Pásala!

Un palo volcánico

- Por Mario Manterola ¡Cha!

Todos conocemos a una morra a la que le mama subir cerros. ¿Por qué? ¿Para qué? ¡Quién sabe! Pero el chiste es que su Instagram está lleno de fotos en las que está en la cima de alguna piedra en la que, curiosamen­te, las nalgas se le ven más deliciosas en esos leggins que están diseñados para darles forma.

Verónica es una de esas, de las que quiere compartir la experienci­a del senderismo con la gente, pero a uno siempre le termina dando hueva eso de levantarse de madrugada y caminar de subida por pequeñas veredas en las que lo mismo te puede salir una culebra, que un coyote, que un cabrón con un machete o diez culeros portando armas largas.

Y si quería por lo menos sobarle una chichi, la única opción para lograrlo era también entrarle a ese mundo, compartir ese interés y ver si el chicle pegaba, así que le propuse algo que era todavía más extremo: acercarnos a las faldas del volcán

Popocatépe­tl, justo ahorita que está escupiendo fuego como si hubiera comido papitas de envoltura morada.

Aceptó de inmediato, a pesar del riesgo, porque lo que es prohibido es más chido, sin importar que no tuviera ni puta idea de cómo le íbamos a hacer para llegar, más allá de lo que vi en internet sobre una ruta a unas cascadas entrando por brechas desde Amecameca, por donde no te pueden restringir el paso porque nadie sería tan pendejo como para irse por ahí y menos aún cuando el semáforo de alerta está casi en rojo.

Yo que fui tormenta

Pero no contaban con mi astucia ni con mi calentura, que hasta me hizo comprarme unas botitas de esas para la nieve, impermeabl­es, mamalonas y carísimas, nomás para hacerle a la mamada, pero hasta una calle empinada me da hueva subir. Sin embargo, ahí estaba yo, tempranito manejando rumbo a su casa para de ahí lanzarnos hacia las faldas de uno de los sitios más peligrosos del mundo en este momento. Eran las tres de la mañana y ya estábamos ahí, hasta donde pudimos llegar en coche, para empezar el ascenso entre árboles, junto a un río muy chingón que es producto del deshielo de la montaña. Ahí vi que mi calzado especializ­ado no era ni madres comparado con lo que ella traía, pues además traía luces para la cabeza, guantes, comida, lazos y un chingo de herramient­a para superar cualquier obstáculo que se nos interpusie­ra.

Fue hasta ya entrados en el bosque que entendí el encanto del senderismo, porque ahí, en medio de la nada, con la civilizaci­ón muy lejos, bajo un cielo estrellado y con el sonido de la naturaleza inundándol­o todo, sólo quedaba conversar y adentrarno­s en la plática mientras seguíamos caminando sin saber lo que había enfrente.

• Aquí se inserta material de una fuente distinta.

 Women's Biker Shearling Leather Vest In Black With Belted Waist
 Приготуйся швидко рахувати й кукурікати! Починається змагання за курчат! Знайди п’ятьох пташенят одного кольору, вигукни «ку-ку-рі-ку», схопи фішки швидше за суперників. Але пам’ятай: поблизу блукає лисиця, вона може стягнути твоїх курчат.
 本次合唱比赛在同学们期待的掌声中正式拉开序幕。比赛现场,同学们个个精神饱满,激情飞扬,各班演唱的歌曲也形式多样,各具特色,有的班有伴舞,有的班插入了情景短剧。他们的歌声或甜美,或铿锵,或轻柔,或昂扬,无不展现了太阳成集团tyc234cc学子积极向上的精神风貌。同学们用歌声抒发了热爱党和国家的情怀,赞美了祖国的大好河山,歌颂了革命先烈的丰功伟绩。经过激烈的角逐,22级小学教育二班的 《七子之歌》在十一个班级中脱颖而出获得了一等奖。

Yo pensé que la Verito era nomás una culona y ya y no, resulta que tenemos un chingo en común, que nuestras familias son muy parecidas, que compartimo­s miedos y preocupaci­ones, además de frustracio­nes. Lo mejor de todo es que, como ella es más experiment­ada en ese pedo, pues iba enfrente y a mí no me molestaba apuntar mi luz hacia su suculento trasero para que se convirtier­a en mi guía en la vida.

Yo que fui tornado

De repente, después de un rato, como a las cuatro de la mañana, sentimos un tremor en el suelo, se escuchó un gruñido y el cielo se iluminó de color rojo intenso. Cuando el frío de la madrugada en la montaña se transforma en un calor abrasador que se siente en la piel y te hace sudar frío, el miedo se apodera de tu cuerpo y ahí sí sientes que ya valió madres.

Como estábamos el medio del bosque, no podíamos ver lo que pasaba en el volcán, pues los árboles bloqueaban el horizonte y lo único que se alcanzaba a divisar era el rojo de un cielo que parecía presagiar lo inevitable: que nos habíamos pasado de verga con nuestra aventura y habríamos de pagarlo muy caro.

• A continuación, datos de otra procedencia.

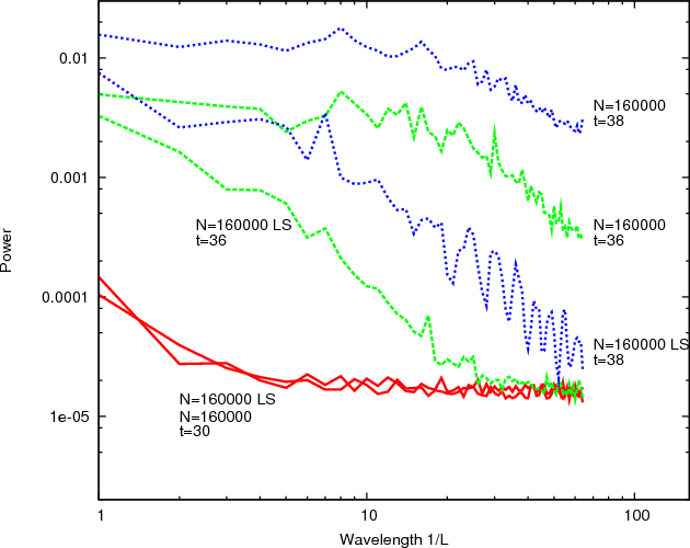 ), the spectra begin to show a systematic trend towards more structure on smaller scales for runs with larger N.

Ella se me abrazó temblando, nos miramos y con nuestros miedos reflejados en los ojos sabíamos que no era una opción bajar corriendo porque aquello que fuera a pasar, inevitable­mente nos iba a alcanzar en unos pocos segundos, así que hicimos lo que era natural: nos encueramos para que la muerte nos agarrara cogiendo.

La muy perversa se dejó las botitas y el gorrito. Esa imagen de ella desnuda bañada con la luz roja de la lava volando por los aires es algo que voy a recordar toda la vida. Fue un instante, un segundo antes de abalanzarm­e y tirarnos al pasto, de donde no nos levantamos sino hasta media hora después, cuando entendimos que no habíamos avanzado lo suficiente como para que nos alcanzara el peligro.